Which Democrats will vote 'yes' on Roberts?
Dean calls for Roberts rejection
The Democratic Party’s leader, Howard Dean, urged Democratic senators Friday to reject Roberts. The nominee “missed his opportunity to disavow, back away from or explain the litany of right-wing views on key Constitutional freedoms he has advocated against throughout his career,” Dean said. “This is not the time for a Chief Justice bent on rolling back the progress we have made over the past fifty years….”
And the nation’s leading voice of liberal opinion, the New York Times, also called on senators to reject Roberts.
“He has not met the very heavy burden of proving” he has the qualities to be chief justice, the Times said in an editorial Sunday, citing his refusal to endorse abortion, church-state separation, gay rights, and the right of illegal immigrant children to attend public school.
The Democratic Party’s most powerful constituencies — gays, feminists, African-Americans, environmentalists — would be chagrined to see Democratic senators join the Republican majority to give Bush a landmark victory by confirming Roberts.
Even before Roberts testified, the gay rights lobbying group, the Human Rights Campaign opposed him.
“With Judge Roberts on the Court, we can envision a day when the landmark Lawrence v.
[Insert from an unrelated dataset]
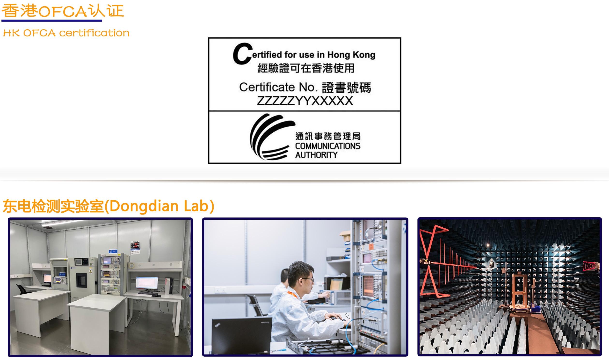 OFCA是香港的强制性无线认证,在香港销售的无线射频类和电信类产品必须符合其 要求和申请认证,并在产品上显示标志和认可号码。

Texas case is overturned and millions of Americans lose the right to privacy in our own homes,” HRC said.
And in fact during last week’s testimony, Roberts did not make a commitment to uphold Lawrence v. Texas, the 2003 decision that gave constitutional protection to same-sex sexual relations, even though he did endorse the predecessor of that decision, the 1965 ruling in Griswold v. Connecticut, which gave protection to marital couples’ use of contraceptives.
Biden dissatisfied with Roberts's answers
Of the potential 2008 contenders, Biden’s vote seems the easiest to predict.
The Delaware senator was entirely unsatisfied with the answers Roberts gave during his testimony before the Judiciary Committee.
Biden dismissed as “preposterous” Roberts’s argument that if he gave a senator an answer on a specific case that might come before him, he’d be making a commitment to vote a particular way in exchange for the senator’s vote.
After all, Biden argued, whatever answer Roberts might give now isn’t binding on him because “he’s entitled to change his mind” if he gets confirmed and joins the Court. Given how scornful Biden was of Roberts’s testimony, it is hard to imagine him voting for Roberts.
Biden also voted against Republican Supreme Court nominees Clarence Thomas in 1991, William Rehnquist in 1986, and Robert Bork in 1987.
Here’s a look at the other potential contenders and how they might line up on Roberts:
Bayh: The conventional wisdom is that the Indiana senator will be the centrist in the Democratic race and that he therefore must move to the left between now and 2008 to align himself with Democratic primary voters, who skew to the left of the general electorate.
Bayh supports Roe v. Wade, but voted for the 2003 ban on the procedure known as partial-birth abortion.
He has already tracked left by voting against the nomination of Alberto Gonzales to be attorney general, as well as voting “no” on Bush appeals court nominees William Pryor, Janice Rogers Brown, and Priscilla Owen.
Clinton: A “yes” vote would disappoint her fans among pro-abortion rights and gay rights groups, but would show that she has enough self-assurance to move to the right with an eye on the 2008 general election. It would be a declaration of independence from Dean, the New York Times, and the liberal consensus.
Like Bayh, she voted “no” on the nominations of Gonzales, Pryor, Brown, and Owen.
Feingold: Unlike Bayh and Clinton, Feingold serves on the Judiciary Committee and got a chance to show his skills as an interrogator by grilling Roberts last week.
Feingold implied strongly that he thought Roberts ought to have recused himself from hearing the appeal of Guantanamo prisoner Salim Hamdan because his work on the Hamdan case coincided with his interviews by White House officials for a Supreme Court opening and thus may have created a conflict of interest.
Feingold, too, voted “no” on the nominations of Gonzales, Pryor, Brown, and Owen, but he is capable of surprise: in 2001 he was one of the few Democratic senators to vote to confirm John Ashcroft as attorney general.
But in the 2008 Democratic field, right now he’s the darling of the left and if he wants to run for the presidential nomination he will need to consolidate his base supporters, not alienate them even before the 2008 battle has begun.